Replacing a roof is no small matter. Factor in labor and materials and your average roofing job is going to cost at least 7 thousand dollars. If you’re a financially savvy homeowner, you’re probably wondering is roof replacement tax deductible, specifically in Columbus, Ohio. The immediate answer is not really, however, if you keep a record of your home improvements, particularly if you are installing a solar electric system, then you can qualify for specific deductions. Let’s look into how you could potentially qualify for deductions for a roof replacement.
The golden age of tax deduction for roof expenses in Columbus lasted for 2 years. Between 2009 and 2011, if you replaced your roof with an Energystar rated roofing material, you would be eligible for a tax credit up to 30% of the cost of the roof or $1,300. Unfortunately, that tax credit is no longer available. Likewise, because a roof replacement is considered a home improvement, it is not immediately eligible for a tax deduction in the tax year that you had the roof replaced. However, because replacing a roof adds value to your home, it factors into the adjusted basis of your home, or the assessed value of your home after the improvements are completed. When you eventually sell your home, the increased adjusted basis due to the investment in improving your home will reduce the taxes that you will be paying for selling your home. So, while not an immediate deduction, it can eventually serve as one. On a slightly different note, if the roof you are repairing is for a rental property, repairs and improvements can immediately be deducted relative to the cost of operating the rental property. This is one reason why you want to keep a record of all improvements of your roof, regardless of whether it’s a permanent home or rental.
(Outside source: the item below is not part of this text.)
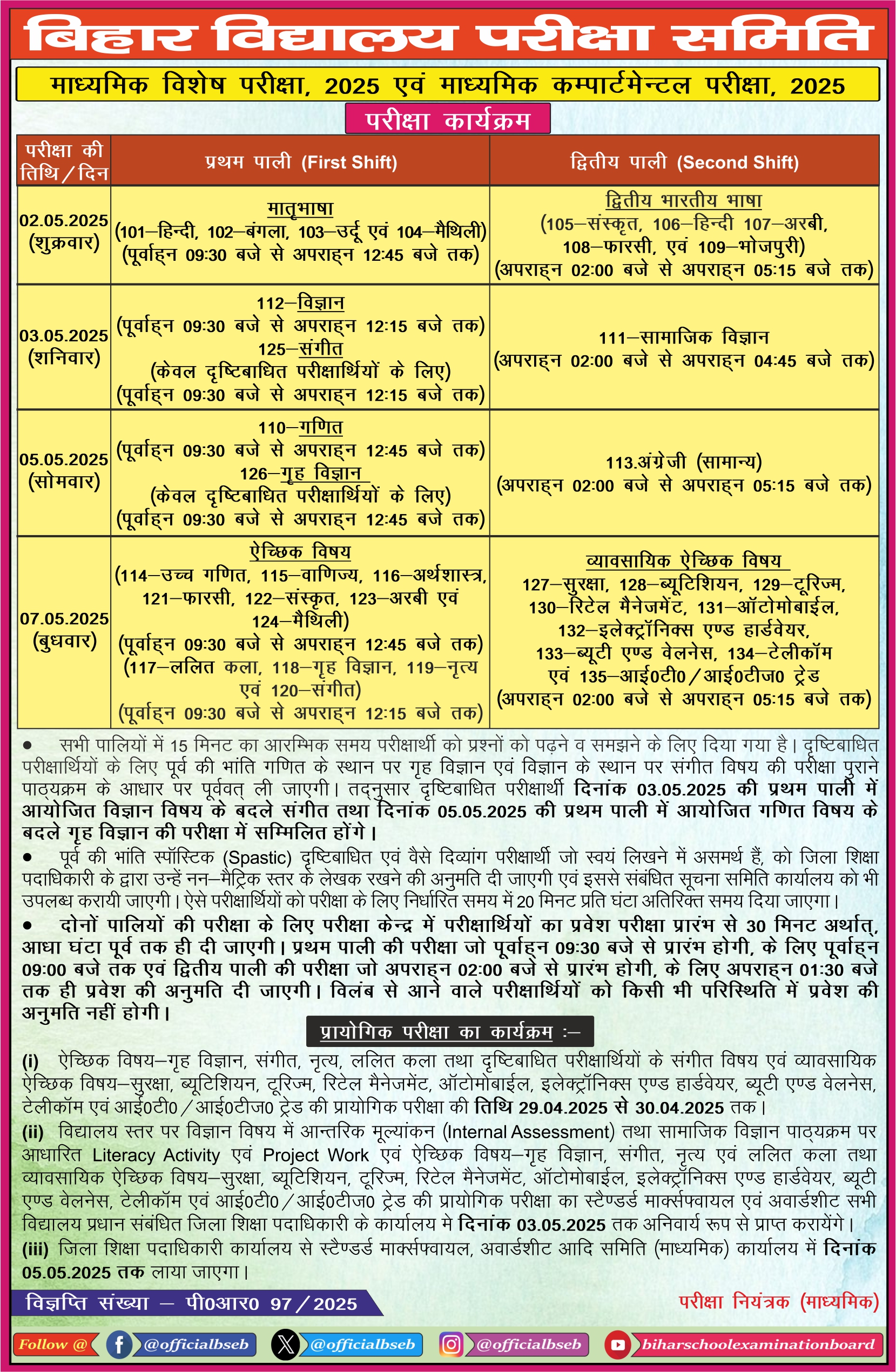 - मैट्रिक व विशेष कंपार्टमेंटल परीक्षा: यह 02 मई 2025 से 07 मई 2025 तक आयोजित की जाएगी।

If you are having solar installed, there is a potential to earn the solar income tax credit. The cost of replacing your roof can be deducted if supporting girders are needed to support the solar panels or if special shingles are being installed. Similarly, there are some shingles which can be installed as a photovoltaic system in themselves and which would qualify for the solar tax credit. All of these deductions are dependent on you actually owning the solar panels; if they are being leased, then you would not qualify for the deduction. Ultimately, however, only the solar panels themselves are deducted with the solar tax credit, and your roof replacement would not qualify.
Despite the expense of a roof replacement, it generally is not considered a qualifying deduction on your income tax returns. At the same time, there are some circumstances which may allow you to submit some or all of the cost of your roof for a deduction. It’s always best to speak with a qualified tax professional to understand exactly what deductions you are eligible to receive. We hope that this guide has helped to clarify some of your questions regarding deducting the costs to replace your roof, and hopefully in the end you can save some extra green when it comes time to welcome in a new roof.